Catalytic Transformations of Pure Entangled States

TL;DR

This paper demonstrates that entanglement entropy fully characterizes the transformation of pure entangled states when entanglement catalysis is involved, extending its operational significance to the single-copy regime.

Contribution

It proves that entanglement entropy determines state transformations with entangled catalysts, bridging the gap between asymptotic and single-copy regimes.

Findings

Entanglement entropy characterizes state transformations with catalysts.

Operational meaning of entanglement entropy in single-copy regime.

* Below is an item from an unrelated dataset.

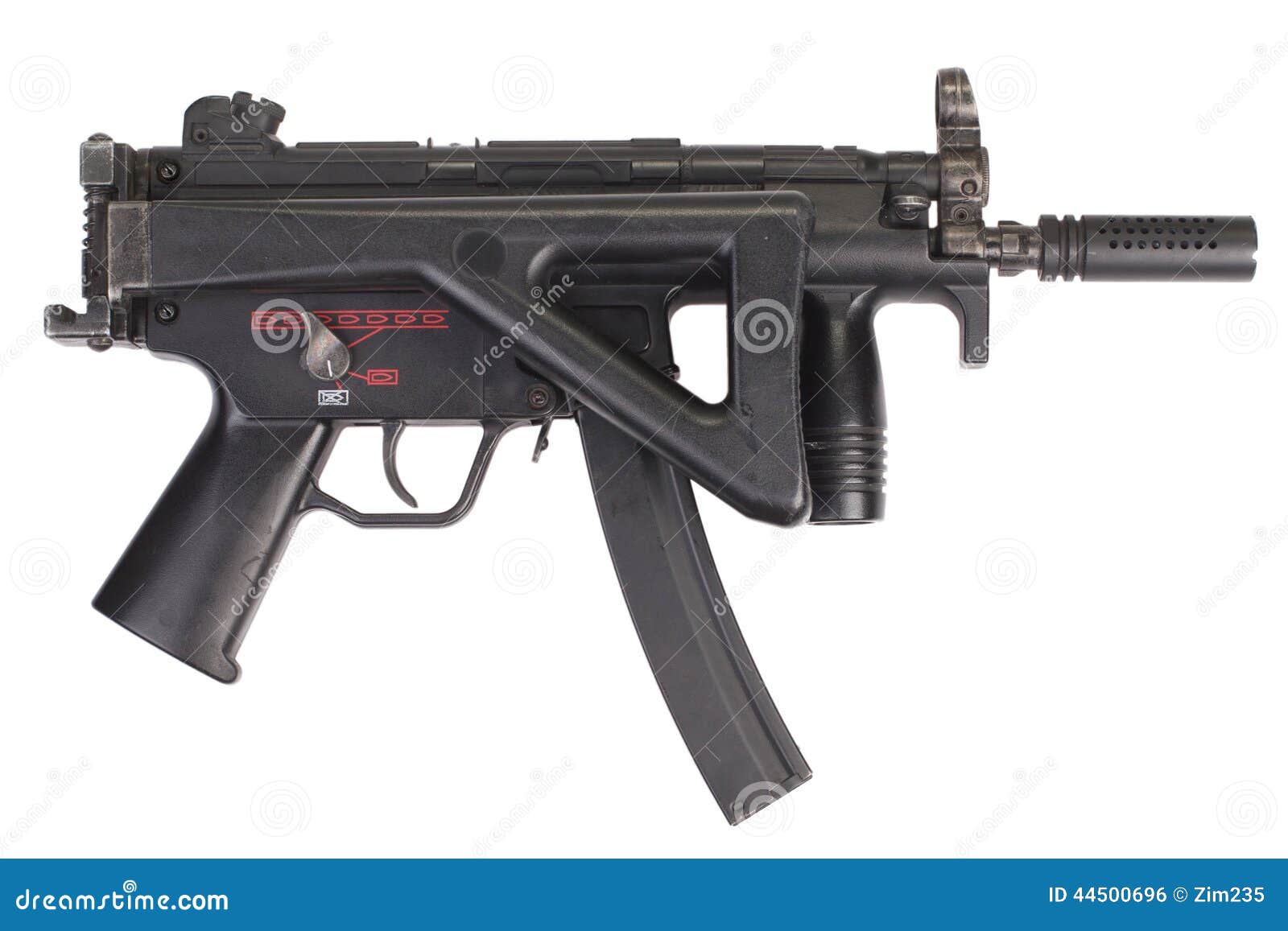 Mitraillette MP5 Avec Le Silencieux Photo stock - Image du blanc ...

Extension of entanglement theory to catalytic transformations.

Abstract

Quantum entanglement of pure states is usually quantified via the entanglement entropy, the von Neumann entropy of the reduced state. Entanglement entropy is closely related to entanglement distillation, a process for converting quantum states into singlets, which can then be used for various quantum technological tasks. The relation between entanglement entropy and entanglement distillation has been known only for the asymptotic setting, and the meaning of entanglement entropy in the single-copy regime has so far remained open. Here we close this gap by considering entanglement catalysis. We prove that entanglement entropy completely characterizes state transformations in the presence of entangled catalysts. Our results imply that entanglement entropy quantifies the amount of entanglement available in a bipartite pure state to be used for quantum information processing, giving asymptotic results an operational meaning also in the single-copy setup.